[Information shown]

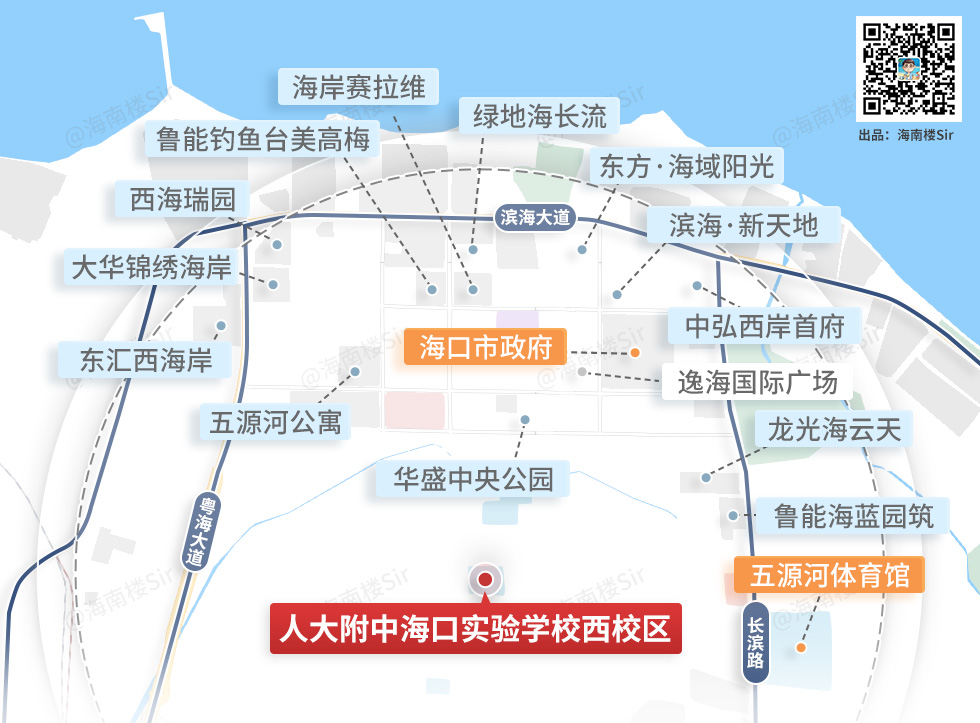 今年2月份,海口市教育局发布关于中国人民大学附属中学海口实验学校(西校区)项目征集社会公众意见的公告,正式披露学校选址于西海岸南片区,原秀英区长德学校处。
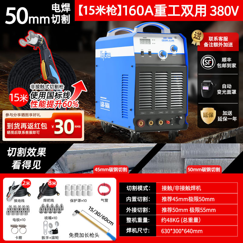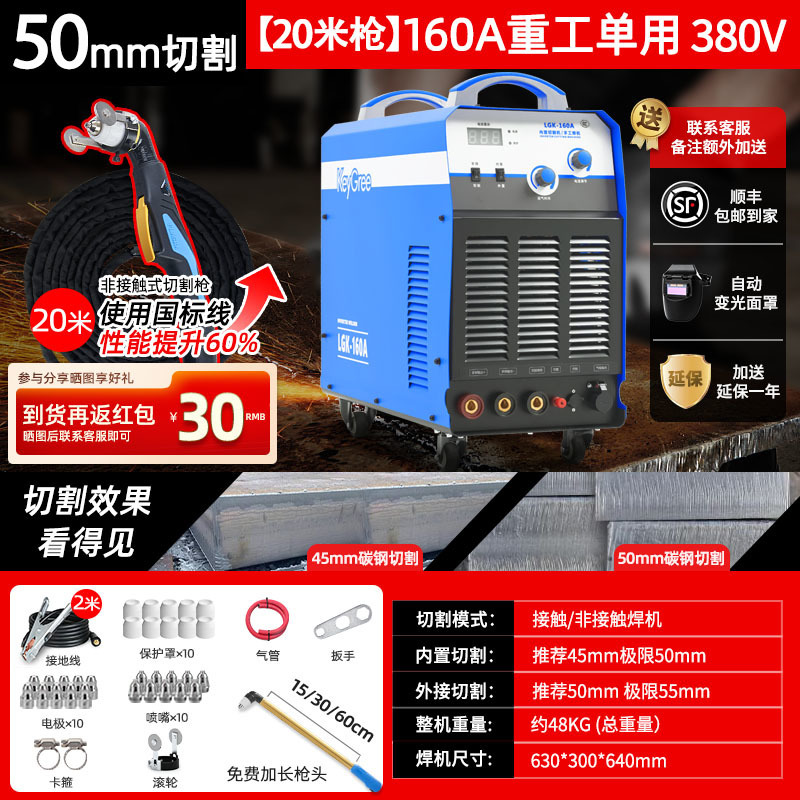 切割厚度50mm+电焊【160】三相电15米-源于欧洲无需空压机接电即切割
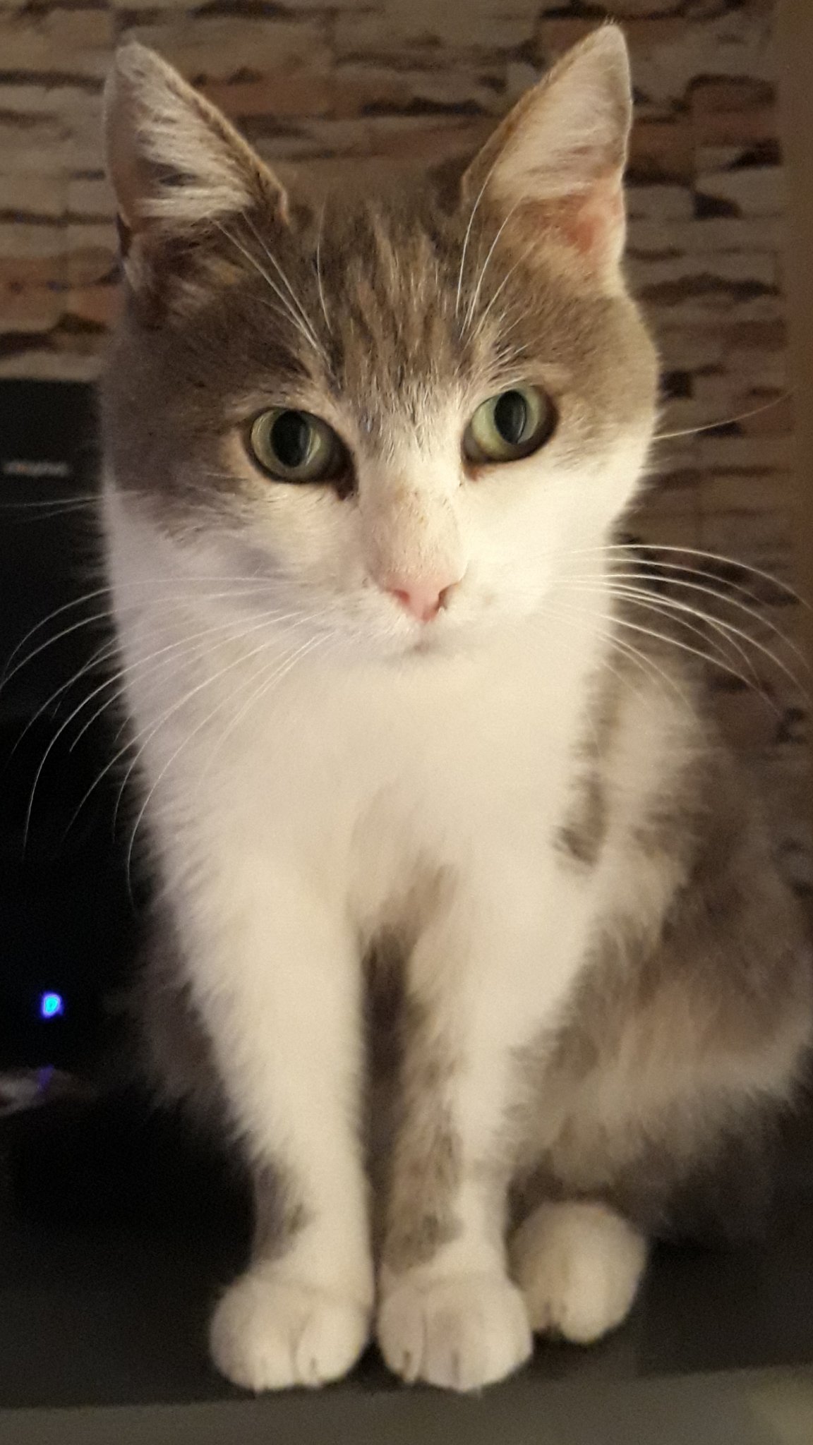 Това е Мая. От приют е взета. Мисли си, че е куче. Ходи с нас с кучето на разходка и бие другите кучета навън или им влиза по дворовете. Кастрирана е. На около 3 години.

[/Information shown]

Task prompt — Exclude the images, then output the data above word for word.

Exercise result —
 今年2月份,海口市教育局发布关于中国人民大学附属中学海口实验学校(西校区)项目征集社会公众意见的公告,正式披露学校选址于西海岸南片区,原秀英区长德学校处。
 切割厚度50mm+电焊【160】三相电15米-源于欧洲无需空压机接电即切割
 Това е Мая. От приют е взета. Мисли си, че е куче. Ходи с нас с кучето на разходка и бие другите кучета навън или им влиза по дворовете. Кастрирана е. На около 3 години.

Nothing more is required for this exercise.